Der 32-Jährige hofft nun zunächst einmal darauf, im nächsten Jahr richtig einzuschlagen. Für seinen Klub ist es zuletzt sehr gut gelaufen, wobei Derdiyok nicht oft über die gesamte Spielzeit eingesetzt wurde. Pakhtakor Taschkent wurde im November usbekischer Meister und holte im Dezember auch noch den Sieg im Pokalwettbewerb, der in einem Blitzturnier ausgetragen wurde. Mit drei Toren in vier Spielen hatte der 60-fache Schweizer Nationalspieler einen erheblichen Anteil am neusten Erfolg.

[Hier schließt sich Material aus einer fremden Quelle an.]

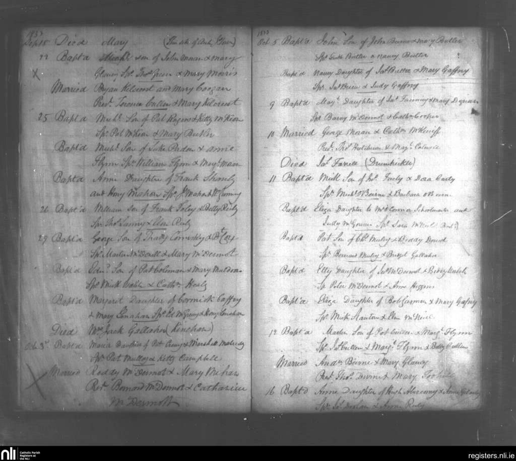 Kiltoghart; County of Leitrim; Diocese of Ardagh. Baptisms, Marriages, Deaths, Sep. 1833 to Oct. 1833

Vielleicht wird Aleksandar Prijovic nach Abschluss seiner Karriere einmal durch die Schweizer Schulzimmer ziehen und im Geografieunterricht zu so manchen Ländern ein Müsterchen auftischen. In der Ostschweiz aufgewachsen, hat er schon als 17-Jähriger den FC St. Gallen verlassen und sich Parma angeschlossen – und los ging die Walz. Prijovic schlug einen horrenden Rhythmus an:
Derby County, Yeovil Town, Northampton, Sion, Lausanne-Sport, Tromsö, Djurgarden, Boluspor, Legia Warschau und PAOK Saloniki hiessen bis im Januar 2019 seine Klubs. Seine beste Zeit hatte er in Polen, als er mit Legia in der Champions League spielte und beim 4:8 gegen Dortmund zwei Tore schoss. Für Serbien nahm er an der WM 2018 teil. Seit bald zwei Jahren spielt der 30-Jährige nun in Saudi-Arabien für Al-Ittihad Dschidda. Er ist Titular und hat einen Vertrag bis im Juni 2023.